Data to process:
»»
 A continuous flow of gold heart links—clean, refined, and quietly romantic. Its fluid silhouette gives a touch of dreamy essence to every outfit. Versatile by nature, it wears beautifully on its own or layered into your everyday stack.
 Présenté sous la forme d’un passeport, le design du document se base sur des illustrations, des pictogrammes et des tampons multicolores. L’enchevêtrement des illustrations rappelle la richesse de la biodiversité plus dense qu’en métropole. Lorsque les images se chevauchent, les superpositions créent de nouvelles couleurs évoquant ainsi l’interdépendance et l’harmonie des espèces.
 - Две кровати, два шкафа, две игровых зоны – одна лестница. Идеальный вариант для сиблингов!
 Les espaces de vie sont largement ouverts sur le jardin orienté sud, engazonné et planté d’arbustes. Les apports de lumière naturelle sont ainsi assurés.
««
»»
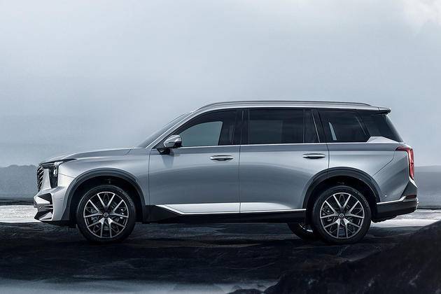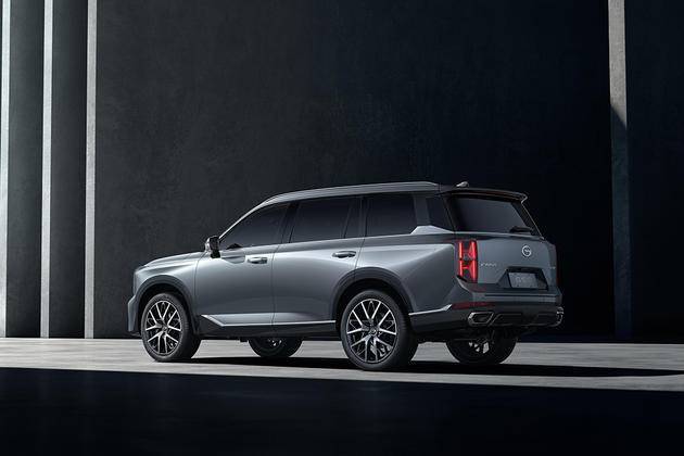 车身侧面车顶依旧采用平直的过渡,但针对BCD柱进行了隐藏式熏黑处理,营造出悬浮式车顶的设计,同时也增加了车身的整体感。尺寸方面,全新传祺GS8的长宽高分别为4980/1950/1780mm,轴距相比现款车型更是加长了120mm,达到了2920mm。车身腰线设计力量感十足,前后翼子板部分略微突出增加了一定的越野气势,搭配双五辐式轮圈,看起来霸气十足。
««
Problem to solve: For this exercise, repeat exactly the lines of the data above from the one with "Présenté sous la" down to the one with "Les espaces de", both end lines included.

Response:
 Présenté sous la forme d’un passeport, le design du document se base sur des illustrations, des pictogrammes et des tampons multicolores. L’enchevêtrement des illustrations rappelle la richesse de la biodiversité plus dense qu’en métropole. Lorsque les images se chevauchent, les superpositions créent de nouvelles couleurs évoquant ainsi l’interdépendance et l’harmonie des espèces.
 - Две кровати, два шкафа, две игровых зоны – одна лестница. Идеальный вариант для сиблингов!
 Les espaces de vie sont largement ouverts sur le jardin orienté sud, engazonné et planté d’arbustes. Les apports de lumière naturelle sont ainsi assurés.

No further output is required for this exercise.